Yeah, it's a pretty common condition. More common than people really stop to think about. A lot of people may be bipolar and not even know it. I didn't know for the longest time... When I was growing up, they just thought I was a tempermental but gifted child, and that's what I always thought too. But no, there's a clinical classification for everything.

That's why it's so important for my bud to have the mood-lifting quality. I HAVE to grow happy weed to medicate my bipolar condition effectively. That's a big, big part of the reason I'm so obsessed with quality. I won't lie, I smoke it for my jollies, too. But I actually have a real condition to treat. Lesser bud I've smoked can actually make me paranoid, worsening my condition.

After a lot of practice, I'm finally growing meds good enough to get off Ativan, Klonopin, Xanax, Valium, you name it. And those drugs I just mentioned fucking own you after a few weeks of usage... And the bastard doctors just prescribe larger dosages because they work for the drug giants who make that poison.

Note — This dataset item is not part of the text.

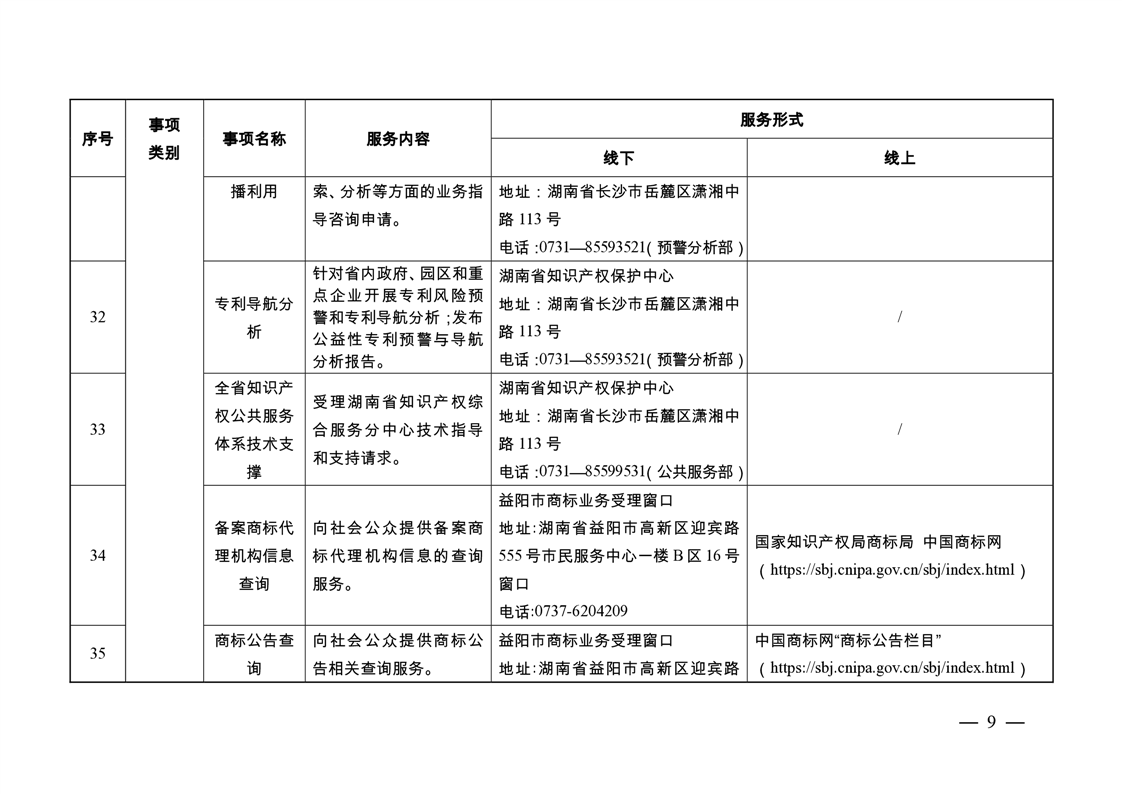 | 益阳市知识产权公共服务事项清单(第一版) |

I am no longer dependant on those pills. I had a real scary time of it with Ativan and Klonopin especially. There was a time in my life that I thought I would never be able to sleep ever again without those two. Fuckin' scary shit.

Now I'm just high and I don't argue with my shadow anymore.


----------



## daveroller (Jan 13, 2012)

lordjin said:


> Yeah, it's a pretty common condition. More common than people really stop to think about. A lot of people may be bipolar and not even know it. I didn't know for the longest time... When I was growing up, they just thought I was a tempermental but gifted child, and that's what I always thought too. But no, there's a clinical classification for everything.
> 
> That's why it's so important for my bud to have the mood-lifting quality. I HAVE to grow happy weed to medicate my bipolar condition effectively. That's a big, big part of the reason I'm so obsessed with quality. I won't lie, I smoke it for my jollies, too. But I actually have a real condition to treat. Lesser bud I've smoked can actually make me paranoid, worsening my condition.
> 
> After a lot of practice, I'm finally growing meds good enough to get off Atavan, Clonopin, Xanax, Valium, you name it. And those drugs I just mentioned fucking own you after a few weeks of usage... And the bastard doctors just prescribe larger dosages because they work for the drug giants who make that poison.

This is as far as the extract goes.